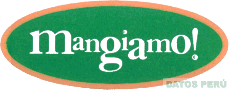 El logotipo conformado por la figura ovalada con fondo en color verde pantone 363 y borde color anaranjado pantone 151 y la denominación MANGIAMO escrita en letras características seguida de un signo de exclamación todo en color blanco; conforme al modelo adjunto
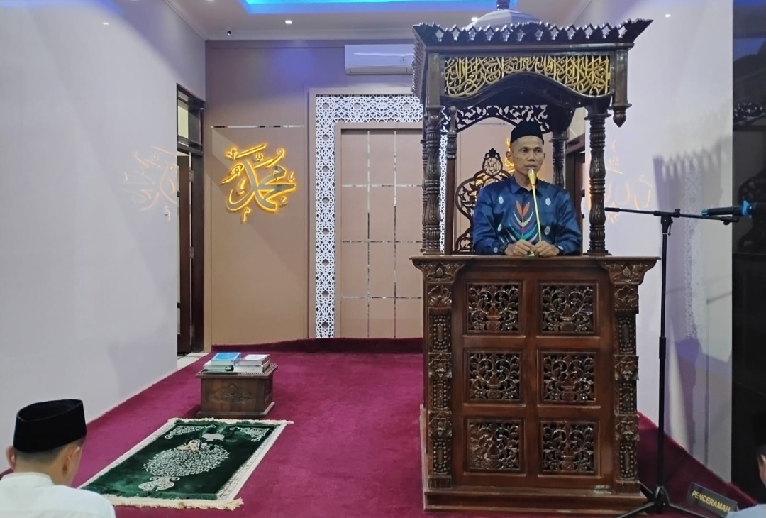FOKUSNEWS.ID, KENDARI – Danyon A Pelopor Satbrimob Polda Sultra Kompol Alwi, S.Ag membawakan tausiah ramadhan di Masjid Al-Amin Polda Sulawesi Tenggara (Sultra) dalam rangkaian ibadah salat tarawih pada Selasa malam (10/3/2026). Ceramah ramadhan tersebut disampaikan di hadapan jamaah yang terdiri dari pejabat utama Polda Sultra, personel Polda Sultra dan masyarakat.
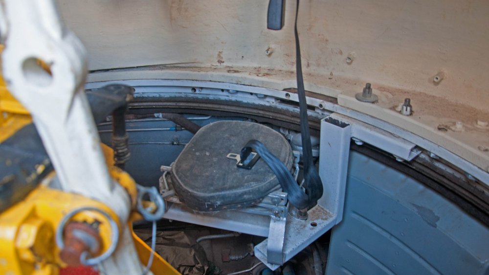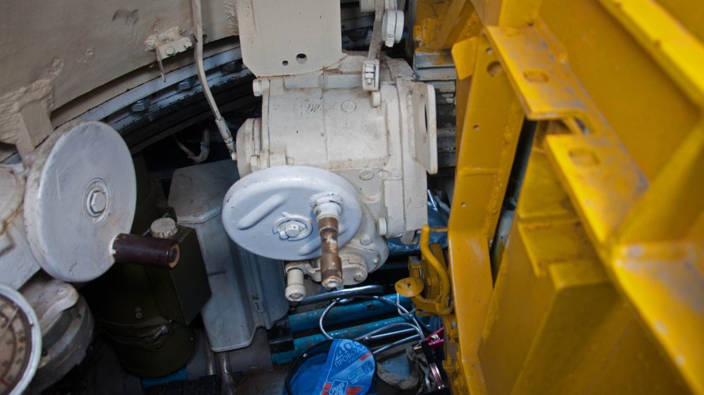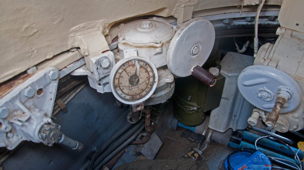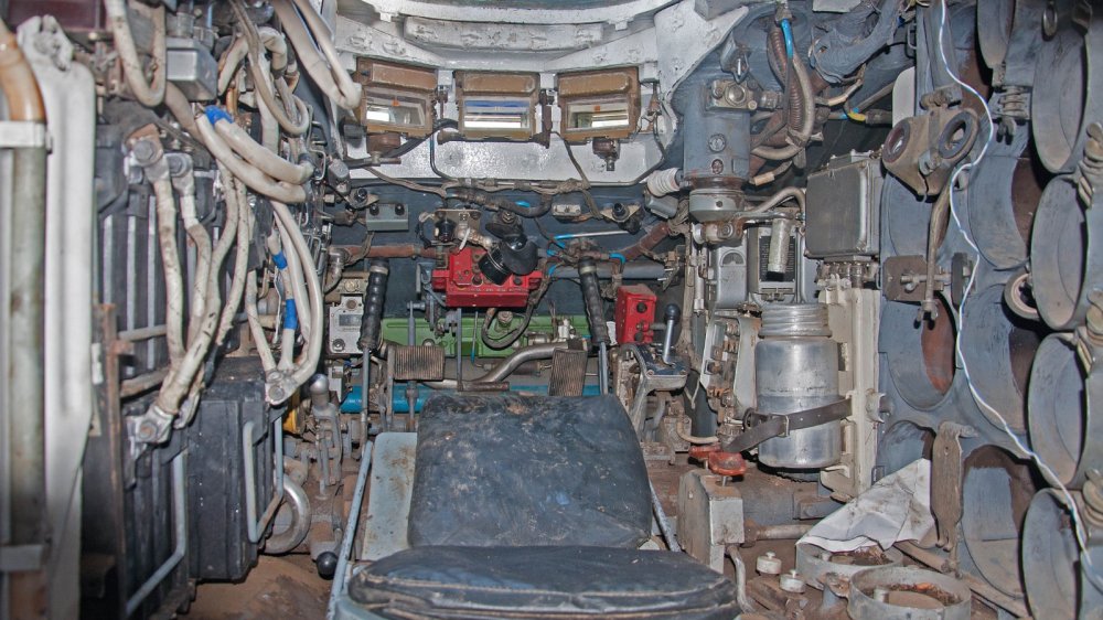 Сиденье водителя выглядит неказисто. Но мы же в танке, тут мелочей не бывает… Поэтому в сиденье есть вставки, которые прикрывают мехвода снизу от возможного гамма-излучения при передвижении по заражённому участку. Кстати, такую же функцию несут в себе и топливные баки, установленные внутри корпуса.
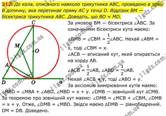312. До кола, описаного навколо трикутника ABC, проведено в точці В дотичну, яка перетинає пряму AC у точці D. Відрізок BM — бісектриса трикутника ABC. Доведіть, що BD = MD. За умовою ВМ — бісектриса ∠ABC. За означенням бісектриси кута маємо: ∠DMB = ∠CBM = 1/2∠ABC. Нехай ∠АВМ = х, тоді ∠CBM = х. ∠АСВ — вписаний кут, який опирається на хорду AB. ∠АСВ = 1/2∪АВ, ∠ABD = 1/2∪АВ. Нехай ∠АСВ = у, тоді ∠АВО = у. За аксіомою вимірювання кутів маємо: ∠МВD = ∠МВА + ∠ABD, ∠МВD = х + у. ∠DМВ — зовнішній кут ∆СМВ. За теоремою про зовнішній кут маємо: ∠DМВ = ∠МСВ + ∠СВМ, ∠DМВ = х + у. Отже, ∠DМВ = ∠МВD. Звідси маємо ∆DМВ — рівнобедрений. DМ = DВ. Доведено.
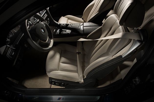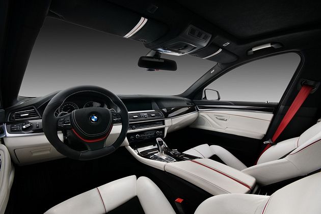 Интерьер «пятерки» получил черно-белую отделку салона. Алькантары здесь используется меньше, зато появились контрастные красные полоски. В красном цвете выполнены полоски на креслах и подлокотнике, ремни безопасности и часть рулевого колеса.

_ _ _ _ _

• Exercise prompt: Leave every picture out and set down exactly the lines running from the one with "FOKUSNEWS.ID, KENDARI –" to the last line of the material above.

• Exercise result:
FOKUSNEWS.ID, KENDARI – Danyon A Pelopor Satbrimob Polda Sultra Kompol Alwi, S.Ag membawakan tausiah ramadhan di Masjid Al-Amin Polda Sulawesi Tenggara (Sultra) dalam rangkaian ibadah salat tarawih pada Selasa malam (10/3/2026). Ceramah ramadhan tersebut disampaikan di hadapan jamaah yang terdiri dari pejabat utama Polda Sultra, personel Polda Sultra dan masyarakat.
 Сиденье водителя выглядит неказисто. Но мы же в танке, тут мелочей не бывает… Поэтому в сиденье есть вставки, которые прикрывают мехвода снизу от возможного гамма-излучения при передвижении по заражённому участку. Кстати, такую же функцию несут в себе и топливные баки, установленные внутри корпуса.
312. До кола, описаного навколо трикутника ABC, проведено в точці В дотичну, яка перетинає пряму AC у точці D. Відрізок BM — бісектриса трикутника ABC. Доведіть, що BD = MD. За умовою ВМ — бісектриса ∠ABC. За означенням бісектриси кута маємо: ∠DMB = ∠CBM = 1/2∠ABC. Нехай ∠АВМ = х, тоді ∠CBM = х. ∠АСВ — вписаний кут, який опирається на хорду AB. ∠АСВ = 1/2∪АВ, ∠ABD = 1/2∪АВ. Нехай ∠АСВ = у, тоді ∠АВО = у. За аксіомою вимірювання кутів маємо: ∠МВD = ∠МВА + ∠ABD, ∠МВD = х + у. ∠DМВ — зовнішній кут ∆СМВ. За теоремою про зовнішній кут маємо: ∠DМВ = ∠МСВ + ∠СВМ, ∠DМВ = х + у. Отже, ∠DМВ = ∠МВD. Звідси маємо ∆DМВ — рівнобедрений. DМ = DВ. Доведено.
 Интерьер «пятерки» получил черно-белую отделку салона. Алькантары здесь используется меньше, зато появились контрастные красные полоски. В красном цвете выполнены полоски на креслах и подлокотнике, ремни безопасности и часть рулевого колеса.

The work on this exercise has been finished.